2010 has been a remarkable year. There is triumphalism around the perception of a quick recovery from the 2008/9 financial and economic crisis – a triumphalism which focuses blindly on GDP growth and is oblivious to the catastrophic levels of old and new unemployment. There are major policy regressions: many countries are reverting back to severe austerity programmes – or ‘fiscal consolidation’ as it is now called – pushing through massive cuts in social expenditures, especially in countries across Europe, and thus further increasing socio-economic divides. By Gabriele Köhler and Timo Voipio
At the same time, however, as a notable countermovement, we see seven policy innovations on the global poverty and social justice agenda.

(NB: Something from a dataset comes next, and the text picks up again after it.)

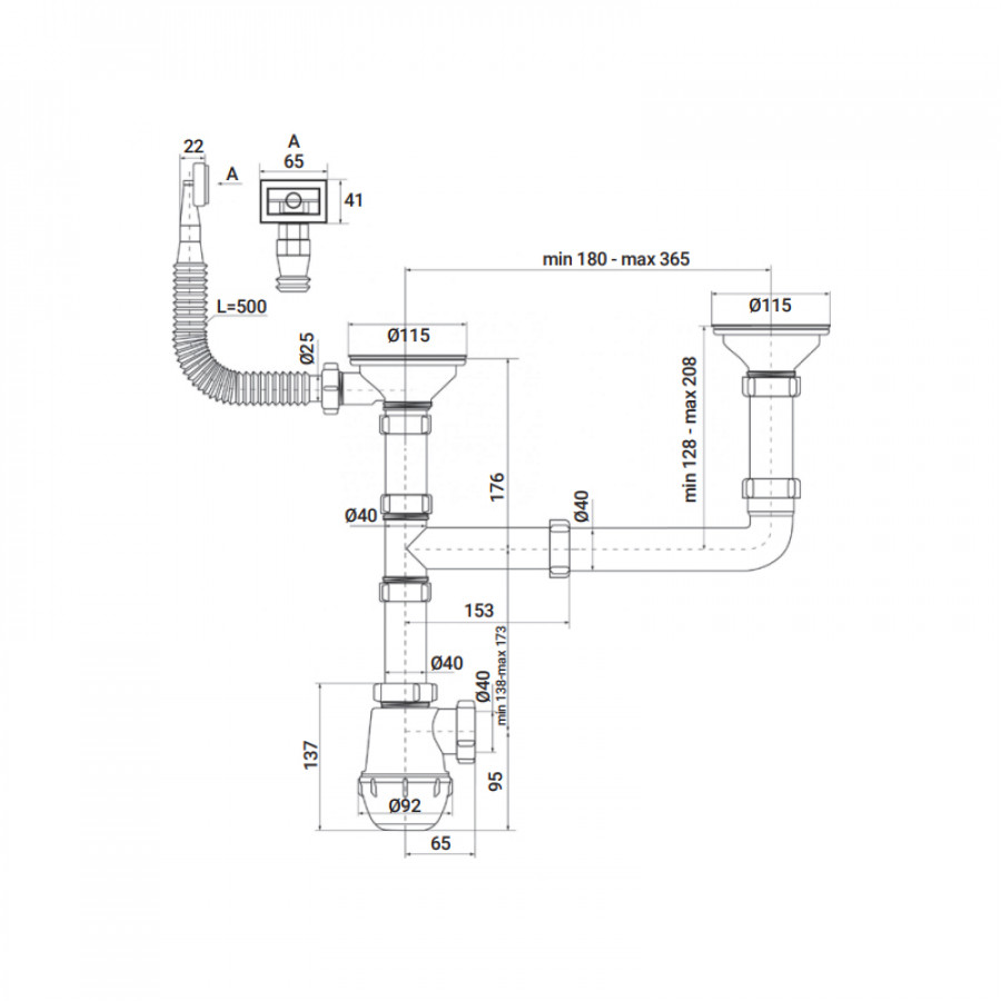 Сифон ZERIX SK-03-A – це якісний та функціональний елемент сантехнічної системи, який ідеально підходить для кухонних мийок. Виріб оснащений двома різьбовими випусками та додатковим відведенням для підключення пральної машини, що робить його незамінним у сучасних умовах експлуатації.

They largely have their origins in – and major momentum from – the “South”. These seven innovations include
1. the attention now devoted to employment in the form of proactive labour market policies and significant public works schemes at country level, such as the NREGA in India, and the Global Jobs Pact for decent work and employment-oriented recovery at the international level; 2. the push for universal social protection, with a global social protection floor movement spreading across Africa, Latin America and Asia, which is supported conceptually and with funding by the entire UN system; 3. recognition of the debilitating impact of social exclusion and inequality on poverty, human development and the individual MDG targets with much more focus on equity, inclusion, social investment and social integration policies; 4. the attention to preventable infant deaths and the interventions to save lives of mothers and their babies with a set of simple and cost effective methods, and a major funding push at national and international levels; 5. a more sensitive eye on the economics and politics of care; 6. a nascent attention, after decades of neglect, of the need for accelerated and transformative agricultural and rural development, including green growth and pro-poor land reform; 7. as an umbrella for all of these: the emerging convergence around a rights-based approach to the Millennium Development Goals ...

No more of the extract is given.